*** Opening of Data excerpts ***
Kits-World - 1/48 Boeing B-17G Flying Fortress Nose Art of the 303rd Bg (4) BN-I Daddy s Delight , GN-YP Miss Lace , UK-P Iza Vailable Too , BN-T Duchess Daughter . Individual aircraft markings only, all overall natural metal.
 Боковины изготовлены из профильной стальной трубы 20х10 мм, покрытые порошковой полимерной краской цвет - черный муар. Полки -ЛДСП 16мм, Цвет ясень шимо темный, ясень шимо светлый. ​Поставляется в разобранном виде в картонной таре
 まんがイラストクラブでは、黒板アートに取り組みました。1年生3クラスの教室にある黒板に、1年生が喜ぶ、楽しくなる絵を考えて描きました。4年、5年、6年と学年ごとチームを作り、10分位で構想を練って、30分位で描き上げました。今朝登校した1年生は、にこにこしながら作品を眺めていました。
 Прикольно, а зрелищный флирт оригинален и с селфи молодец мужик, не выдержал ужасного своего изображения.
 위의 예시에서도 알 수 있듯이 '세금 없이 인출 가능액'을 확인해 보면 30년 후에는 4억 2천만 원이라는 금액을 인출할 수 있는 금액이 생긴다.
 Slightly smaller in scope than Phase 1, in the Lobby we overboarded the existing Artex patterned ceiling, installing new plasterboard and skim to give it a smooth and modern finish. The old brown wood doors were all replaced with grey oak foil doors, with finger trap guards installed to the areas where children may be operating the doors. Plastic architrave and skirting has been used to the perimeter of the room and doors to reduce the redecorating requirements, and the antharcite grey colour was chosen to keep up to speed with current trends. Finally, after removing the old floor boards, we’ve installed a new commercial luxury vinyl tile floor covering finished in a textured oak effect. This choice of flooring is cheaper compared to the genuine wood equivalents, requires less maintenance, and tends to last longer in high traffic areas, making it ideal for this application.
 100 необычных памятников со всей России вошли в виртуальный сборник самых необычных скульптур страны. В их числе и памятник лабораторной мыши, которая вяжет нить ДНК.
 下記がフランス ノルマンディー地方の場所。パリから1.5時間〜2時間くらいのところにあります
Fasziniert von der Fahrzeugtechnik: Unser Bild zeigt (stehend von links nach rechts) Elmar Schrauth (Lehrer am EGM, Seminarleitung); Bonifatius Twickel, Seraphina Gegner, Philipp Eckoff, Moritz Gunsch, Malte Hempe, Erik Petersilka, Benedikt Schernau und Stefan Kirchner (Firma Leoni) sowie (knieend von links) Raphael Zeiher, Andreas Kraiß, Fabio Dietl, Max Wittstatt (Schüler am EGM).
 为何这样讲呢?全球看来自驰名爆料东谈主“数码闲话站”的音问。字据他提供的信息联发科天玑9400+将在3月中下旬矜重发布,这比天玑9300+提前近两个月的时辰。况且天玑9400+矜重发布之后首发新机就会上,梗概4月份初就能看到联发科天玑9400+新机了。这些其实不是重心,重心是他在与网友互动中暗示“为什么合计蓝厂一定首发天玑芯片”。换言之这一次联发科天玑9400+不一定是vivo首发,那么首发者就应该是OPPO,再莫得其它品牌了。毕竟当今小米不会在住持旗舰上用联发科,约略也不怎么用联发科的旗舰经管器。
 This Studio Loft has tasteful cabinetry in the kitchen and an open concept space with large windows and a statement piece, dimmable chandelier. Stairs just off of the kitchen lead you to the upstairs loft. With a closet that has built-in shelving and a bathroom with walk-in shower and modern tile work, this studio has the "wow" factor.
*** Close of Data excerpts ***
Exercise description »
From top to bottom, repeat the data above without alteration.

Finished exercise »
Kits-World - 1/48 Boeing B-17G Flying Fortress Nose Art of the 303rd Bg (4) BN-I Daddy s Delight , GN-YP Miss Lace , UK-P Iza Vailable Too , BN-T Duchess Daughter . Individual aircraft markings only, all overall natural metal.
 Боковины изготовлены из профильной стальной трубы 20х10 мм, покрытые порошковой полимерной краской цвет - черный муар. Полки -ЛДСП 16мм, Цвет ясень шимо темный, ясень шимо светлый. ​Поставляется в разобранном виде в картонной таре
 まんがイラストクラブでは、黒板アートに取り組みました。1年生3クラスの教室にある黒板に、1年生が喜ぶ、楽しくなる絵を考えて描きました。4年、5年、6年と学年ごとチームを作り、10分位で構想を練って、30分位で描き上げました。今朝登校した1年生は、にこにこしながら作品を眺めていました。
 Прикольно, а зрелищный флирт оригинален и с селфи молодец мужик, не выдержал ужасного своего изображения.
 위의 예시에서도 알 수 있듯이 '세금 없이 인출 가능액'을 확인해 보면 30년 후에는 4억 2천만 원이라는 금액을 인출할 수 있는 금액이 생긴다.
 Slightly smaller in scope than Phase 1, in the Lobby we overboarded the existing Artex patterned ceiling, installing new plasterboard and skim to give it a smooth and modern finish. The old brown wood doors were all replaced with grey oak foil doors, with finger trap guards installed to the areas where children may be operating the doors. Plastic architrave and skirting has been used to the perimeter of the room and doors to reduce the redecorating requirements, and the antharcite grey colour was chosen to keep up to speed with current trends. Finally, after removing the old floor boards, we’ve installed a new commercial luxury vinyl tile floor covering finished in a textured oak effect. This choice of flooring is cheaper compared to the genuine wood equivalents, requires less maintenance, and tends to last longer in high traffic areas, making it ideal for this application.
 100 необычных памятников со всей России вошли в виртуальный сборник самых необычных скульптур страны. В их числе и памятник лабораторной мыши, которая вяжет нить ДНК.
 下記がフランス ノルマンディー地方の場所。パリから1.5時間〜2時間くらいのところにあります
Fasziniert von der Fahrzeugtechnik: Unser Bild zeigt (stehend von links nach rechts) Elmar Schrauth (Lehrer am EGM, Seminarleitung); Bonifatius Twickel, Seraphina Gegner, Philipp Eckoff, Moritz Gunsch, Malte Hempe, Erik Petersilka, Benedikt Schernau und Stefan Kirchner (Firma Leoni) sowie (knieend von links) Raphael Zeiher, Andreas Kraiß, Fabio Dietl, Max Wittstatt (Schüler am EGM).
 为何这样讲呢?全球看来自驰名爆料东谈主“数码闲话站”的音问。字据他提供的信息联发科天玑9400+将在3月中下旬矜重发布,这比天玑9300+提前近两个月的时辰。况且天玑9400+矜重发布之后首发新机就会上,梗概4月份初就能看到联发科天玑9400+新机了。这些其实不是重心,重心是他在与网友互动中暗示“为什么合计蓝厂一定首发天玑芯片”。换言之这一次联发科天玑9400+不一定是vivo首发,那么首发者就应该是OPPO,再莫得其它品牌了。毕竟当今小米不会在住持旗舰上用联发科,约略也不怎么用联发科的旗舰经管器。
 This Studio Loft has tasteful cabinetry in the kitchen and an open concept space with large windows and a statement piece, dimmable chandelier. Stairs just off of the kitchen lead you to the upstairs loft. With a closet that has built-in shelving and a bathroom with walk-in shower and modern tile work, this studio has the "wow" factor.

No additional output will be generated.